The letter stated that if creditors agreed to Mr Unicomb's proposed "personal insolvency agreement" a "third party", Mr Dixon, would provide $50,000 to be divided among creditors.
Mr Dixon was listed in the letter as an unsecured creditor, owed about $1 million.
Unicomb was trying to avoid being forced into bankruptcy so he could continue practising as an accountant.
Creditors who have spoke to the Newcastle Herald in 2010 complained that the amounts owed to them appeared to have been understated, possibly affecting their voting rights.
Unicomb listed family members and business associates among his creditors.
In 2008, the Newcastle Herald reported that an elderly Hunter dairy farming couple who used Unicomb as their accountant had been saved from losing their property and life savings by a NSW Supreme Court decision.
Judge Hamilton stated in a written decision that Dallas and Juliet Clarke, of Wallalong, had been led or pressured by Unicomb "into entering, for his own purposes, into two disadvantageous transactions" totalling more than $2 million with financiers.
The judge set aside mortgages and guarantees entered by the couple, declaring that Unicomb, "a long-standing and trusted adviser and personal friend", had abused the couple's trust.

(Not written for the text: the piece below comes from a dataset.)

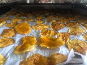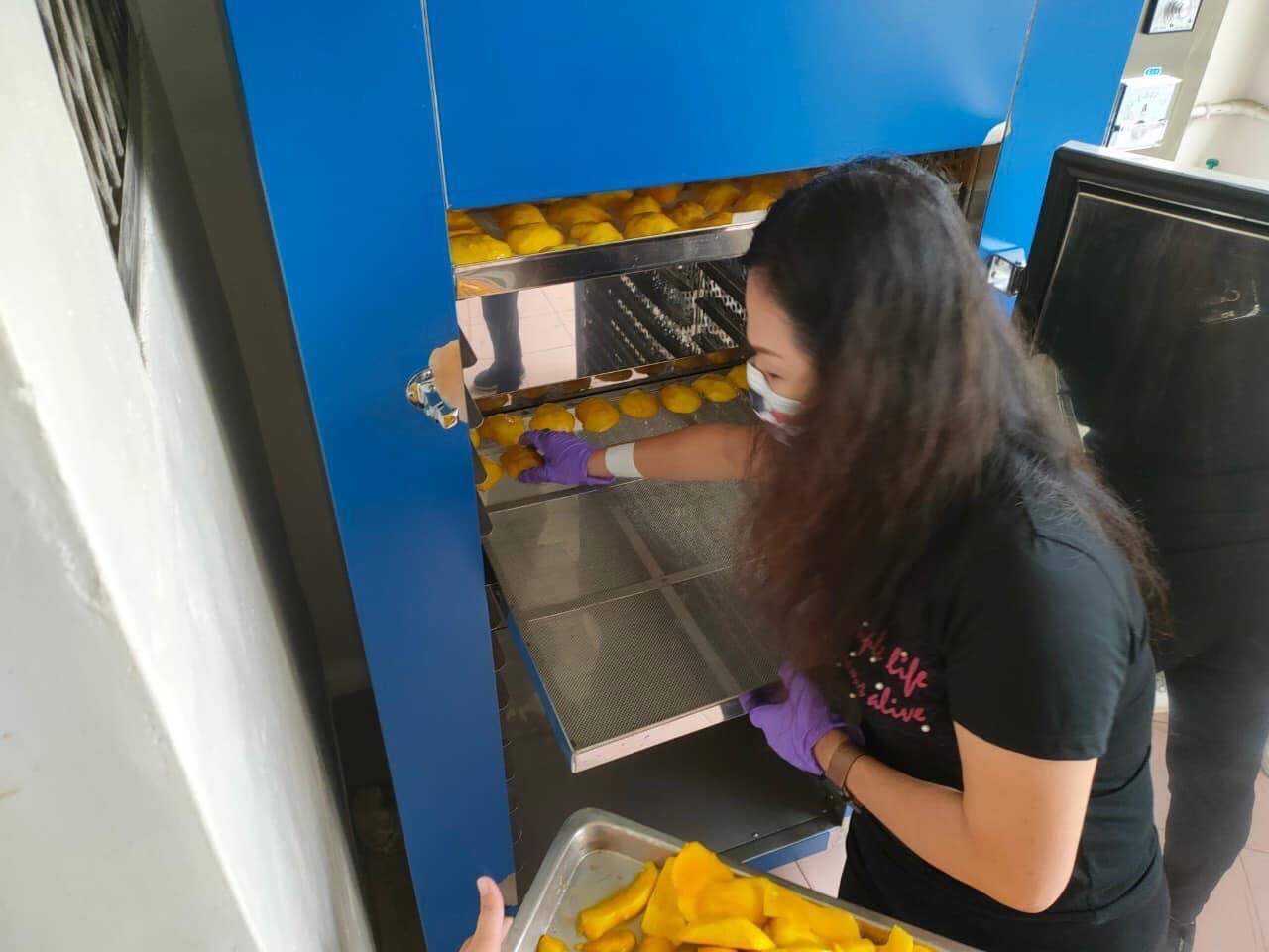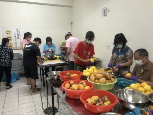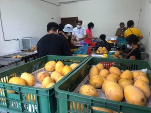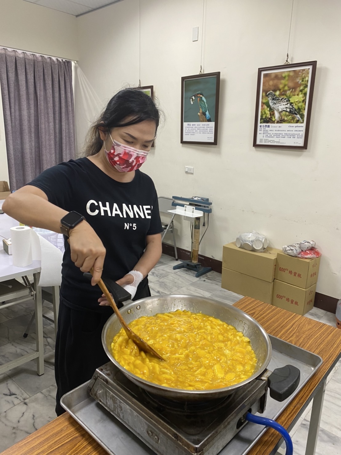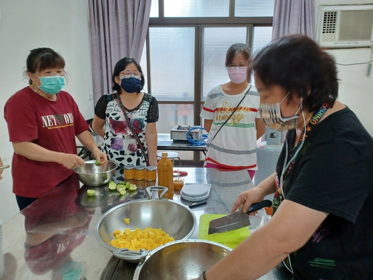 彰化湖埔社大學員,近期偕同在埔心鄉種植大量黃金芒果的李文男理事長來辦公室研討,社大思考著如何結合東螺禾作知識平台來協助果農們,當初疫情需要口罩,口罩有國家隊,那我們就來成立果農支援隊,這樣構想在腦海中盤旋,因為眼見果農採收芒果後,一簍簍賣不出去只能往田裡倒,真的很浪費,故湖埔社大資源運用社,找了創意料理王老師與志工隊美英總幹事討論,王老師建議作成系列產品,可以由目前志工隊人力支援,就這樣在疫情下停課教室搖身一變變成工廠,志工隊成員轉身一變,變成果農的「支援隊」,開始幫小農生產「金蜜芒果乾」,經過老師不斷試驗過程,烘焙時間高達36小時不間斷,從60度轉化40度透過不斷翻面,嘗試不同溫度轉換低溫烘培,10斤鮮果烘培成一斤,終於果乾吃起來跟外面產品不一樣 , 志工喜悅地分享著,從志工們細心的整理果肉,1顆芒果只留下2片製成果乾,其餘2邊加肉加入檸檬用小火不斷攪拌,歷經5小時才能製成果醬,我們的果乾Q彈不黏牙,果醬吃出扎實果肉而不膩,果皮及果核分享給小農養鴨養雞剩餘作成酵素回歸農田,完全食物在黃金芒果身上運用無虞,社大志工農民支援隊支援果農長達1個月的時間,產出千包芒果乾及果醬,在疫情下農民得於解憂。

A month later, the Herald reported on a different court matter where a judge accused Unicomb of abusing the trust of another client and leading them into bad transactions for his own purposes.
Suzanne Cairns, 47, of Gillieston Heights, told the Supreme Court her husband, Peter, had been unable to exercise normal judgement during his final months because of intense pain and strong medication he was taking for his terminal bowel cancer.
Three months before his death in March 2005 from complications related to his cancer, Mr Cairns borrowed $200,000 from a high-interest lender and authorised payment of funds to Unicomb's trust account.
The three-month loan from finance company Galadriel Lothlorien was not repaid in time and reverted to punitive interest rates.
Mrs Cairns said she had to sell properties to raise $377,000 to pay out the loan in 2006.
Unicomb swore an affidavit stating that the $200,000 Mr Cairns borrowed just before his death went to his long-time friend and business partner Warren Turner in an attempt to secure a property in South Australia.
But Mr Turner told The Herald at the time he did not receive the money, although he agreed it was used for the South Australian property venture. The funds represented Unicomb's share of the investment, Mr Turner said.